Think about it: Your AI models will eventually ingest and process vast amounts of user data to provide personalized insights, predict churn, or automate sales tasks. If the source user data is inconsistent or unreliable, your AI insights become garbage. A well-structured relational database ensures clean, consistent data, which is paramount for effective AI.

In big tech, we often see a hybrid approach: RDBMS for critical, highly consistent core data, and NoSQL databases (like Cassandra, DynamoDB, MongoDB) for high-volume, eventually consistent, or unstructured data (e.g., user activity logs, real-time recommendations caches, large-scale event streams). We'll explore these later, but for our CRM's heart, PostgreSQL is the right call for now. It provides the "source of truth" for our users.

Component Architecture: PostgreSQL in Our CRM

Component Architecture

Today, PostgreSQL becomes the backend's persistent storage layer. Our React frontend (from Day 2) will eventually talk to a backend API (which we'll build next), and that backend API will, in turn, communicate with PostgreSQL to store and retrieve data.

(Imagine a clean SVG diagram here: React Frontend -> Backend Service -> PostgreSQL Database)

Control Flow and Data Flow: Getting Data In and Out

Flowchart

For today, our "backend" is essentially a set of direct SQL commands.

Control Flow: We (as developers) execute SQL commands.
Data Flow:

We send CREATE TABLE (DDL - Data Definition Language) to define our users table.
We send INSERT (DML - Data Manipulation Language) to add a user.
We send SELECT (DML) to retrieve user data.
PostgreSQL processes these commands and either modifies its internal state (for DDL/INSERT) or returns data (for SELECT).

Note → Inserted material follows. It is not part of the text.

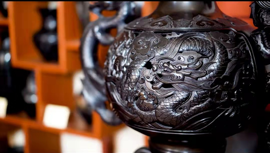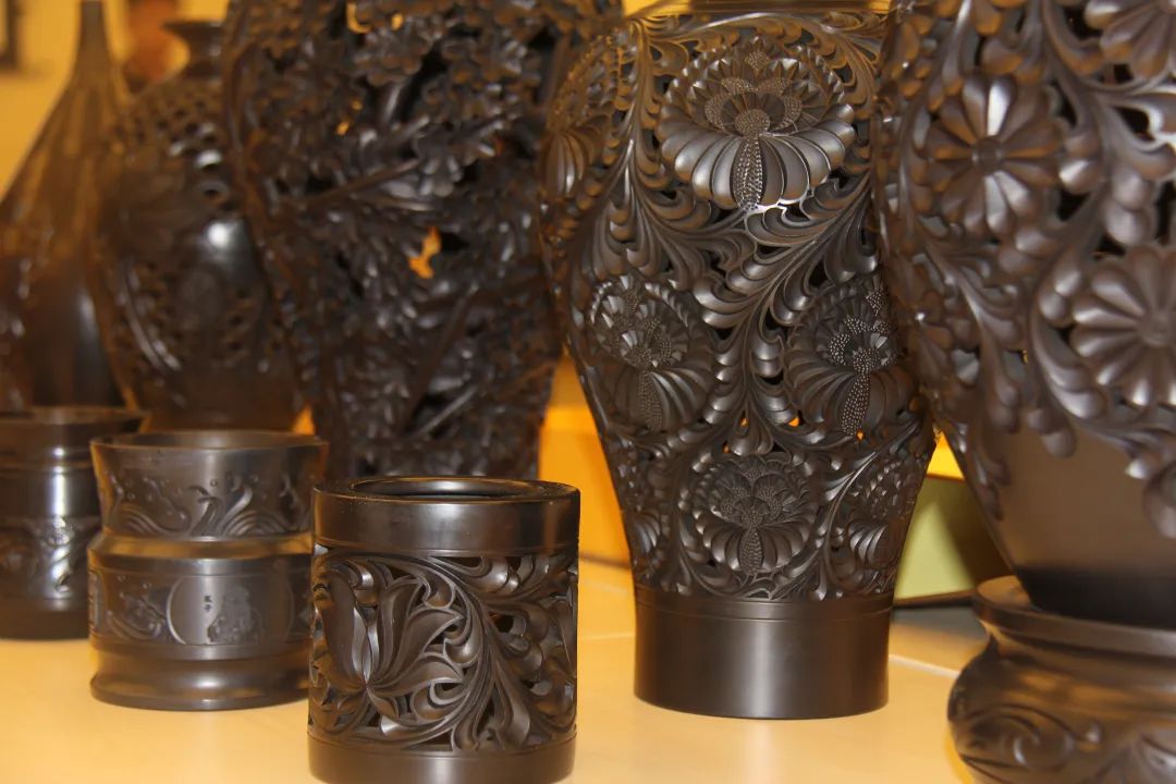 早期的黑陶,主要用作大型祭祀中的礼器,是权力和身份的象征。而今天,茌平黑陶一样续写着传奇是市级非遗项目。黑陶制作的题材广泛、内容丰富造型优美,具有黑如漆、明如镜、硬如瓷、声如磬四大特色。

State Changes: From Empty Canvas to User Registry

State Machine

Our database starts as an empty canvas. Today, we'll transition it through these states:

Database Created: An empty crm_db exists.
users Table Created: The schema for users is defined.
User Record Inserted: Our first user exists in the table.

Sizing for Real-time Production Systems (100M RPS)

A users table is deceptively simple. At 100M RPS, this table becomes a critical hot-spot. How do big systems handle it?

Sharding: Breaking the users table into smaller, independent databases based on a key (e.g., user ID range, geographical region). Each shard handles a subset of users.
Read Replicas: Creating multiple read-only copies of the database to distribute read traffic. Writes still go to the primary.
Connection Pooling: Managing database connections efficiently from the application layer to avoid overhead.

For now, we're starting simple, but keep these concepts in your back pocket. The principles of good schema design and understanding query patterns today will pay dividends when you're thinking about sharding strategies tomorrow.

Hands-On: Setting Up PostgreSQL and Creating Our First User

Let's get practical. We'll use Docker for a quick, isolated PostgreSQL instance.

Step 1: Start PostgreSQL with Docker

bash

docker run --name crm-postgres -e POSTGRES_USER=crmuser -e POSTGRES_PASSWORD=crmpassword -e POSTGRES_DB=crm_db -p 5432:5432 -d postgres:14-alpine

This command starts a PostgreSQL 14 container, names it crm-postgres, sets up a user, password, and database, and maps port 5432 to your local machine.

Step 2: Connect to PostgreSQL

Once the container is running, connect using psql (you might need to install postgresql-client if you don't have it).

bash

psql -h localhost -p 5432 -U crmuser -d crm_db

Enter crmpassword when prompted. You should see the crm_db=# prompt.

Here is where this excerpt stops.